ニワトリ男が手に持っているのは拳銃だった。黒い銃身が炎を反射して赤く染まっているように見える。
「ハッハハ」ハギワラが無理に笑い声を出したけど、恐怖で震えていた。「冗談だろ。まさか本物じゃないよな?」
「いえ、もちろん本物でございますよ。試し撃ちしてみせましょうか?」ニワトリ男が銃口を車内に向けると、皆が一斉に悲鳴を上げて頭を下げた。わたしも咄嗟に大輔くんの胸に抱きつく。
「大丈夫だ」と、大輔くんはわたしの背中を優しく撫でてくれた。その大きな手に安心して顔を上げると、
「ご無礼をお許しください」ニワトリ男は、わたしたちをバカにしたように、わざと深く頭を下げて、ゆっくり顔を上げた。「途中で恐ろしくなって車を降りる人がいないとは限りません。そうなれば、他の皆様も死にそびれてしまうことになるのです。裏切り者が出ないよう、わたくしがここできっちり見守らせて頂きます」
「へっ、俺はそんなチキンじゃねえよ。ここでおとなしく死んでやる」ハギワラが震える声で精一杯強がると、「そうそう。うちらは死にたくてここに来てるんだからさ、余計なお世話」カワサキが加勢した。

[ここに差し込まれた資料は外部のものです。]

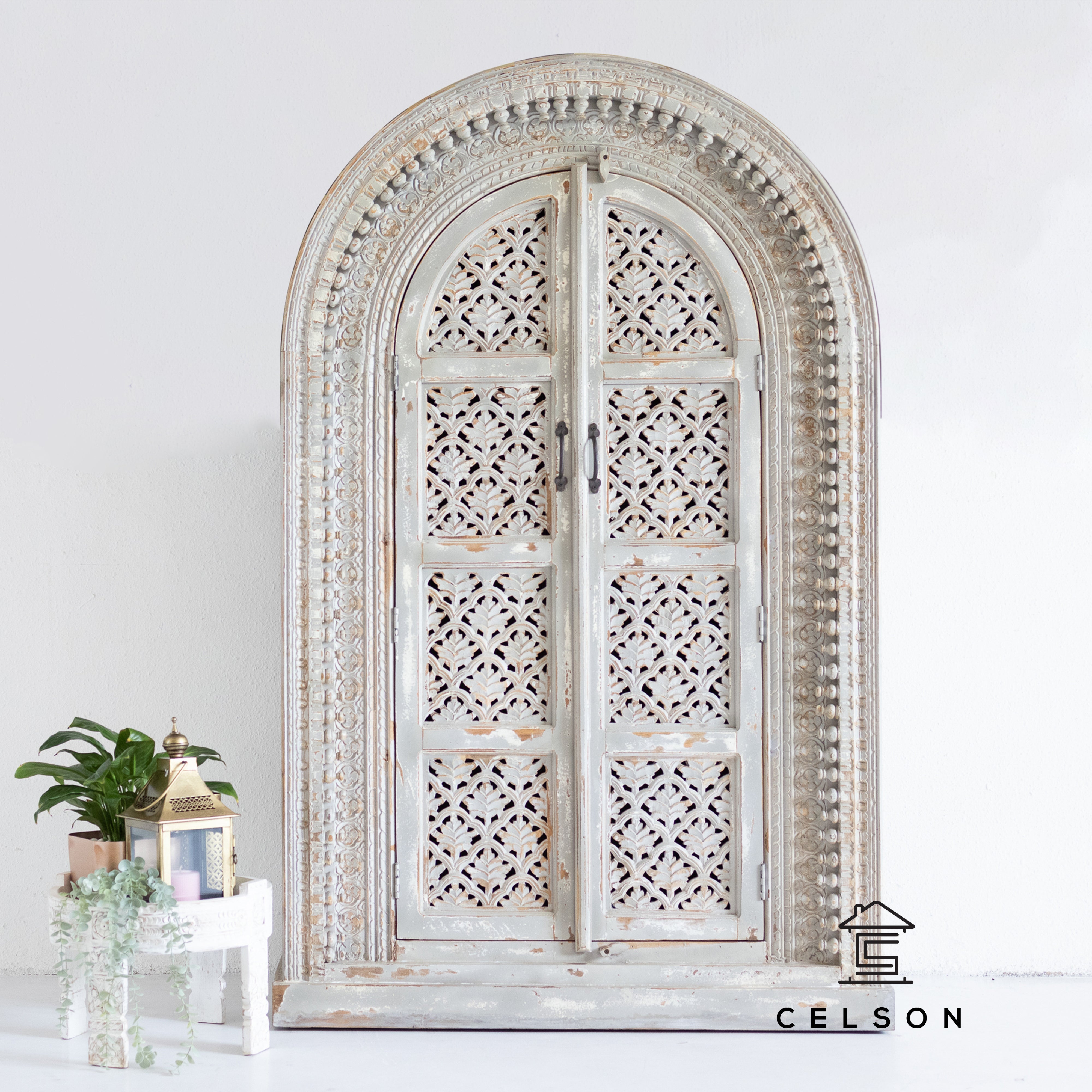 Our hand carved, distressed grey tall cabinet can be a perfect cupboard. It has multiple shelves inside to neatly store all your clothes.

「わたくしもそう思います。ハギワラ様とカワサキ様は途中で逃げ出すような臆病で卑怯で無責任な人間ではない」ニワトリ男のオーバーな言い方に二人は苦い物でも食べたみたいな顔をするだけで何も言い返さない。「他の皆様のことも、素晴らしい人格者だと思っております。わたくしがここで見守らせて頂くのは、ただの保険でございますから、お気を悪くさせてしまったなら謝ります。申し訳ありません」
もう一度、深く頭を下げたニワトリ男の輪郭がぼやけて見えた。「あれ?」と瞼をこすると、「睡眠薬が効き始めた。俺もだ」大輔くんは口をもごもごさせて言った。隣を見ると、大輔くんは今にも瞼を閉じそうになってる。前にいるオクガワさんはもう寝てた。
「あっと、危ない」顔を上げたニワトリ男は、慌ててドアの取っ手に手をかけた。「サトウ様が寝てしまわないうちに閉めてしまいますね。では、よい旅を。皆様、今世ではお疲れ様でした」ドアを勢いよく閉めたけど、もう誰も驚かなかった。身体からどんどん力が奪われていくのを感じる。わたしは大輔くんから離れて背もたれに背中を預けた。瞼が重たい。目を閉じる間際、サトウさんが身体をふらつかせながら、ドアの隙間にガムテープを貼る姿と、ニワトリ男が車から一歩離れて、右手で拳銃を持ったまま直立する姿が見えた。それから、練炭コンロの火が燃え上がって、あちこちに火の粉が飛び散るのが目に眩しく映った。オレンジ色が閉じた瞼の裏にも透けて見える。火がどこかに燃え移って、練炭の煙で死ぬ前に焼け死んでしまうんじゃないかと不安になった。だけど、それならそれで構わないとすぐに考え直した。わたしには、きれいな身体で死にたいだなんて願望はない。ただ、苦しまずに死ねればいいだけ。それに、このまま焼け死ねば、火葬の手間だって省ける。
お母さんの姿が瞼の裏に浮かんだ。今日、学校へ行く前、珍しく起き出して、「行ってらっしゃい」と笑顔で手を振ってくれた時の。何で今日に限って見送ってくれたんだろう? いつもは夜の仕事で疲れ切って、起きてくることなんて滅多にないのに。……まあいいや、そんなこと。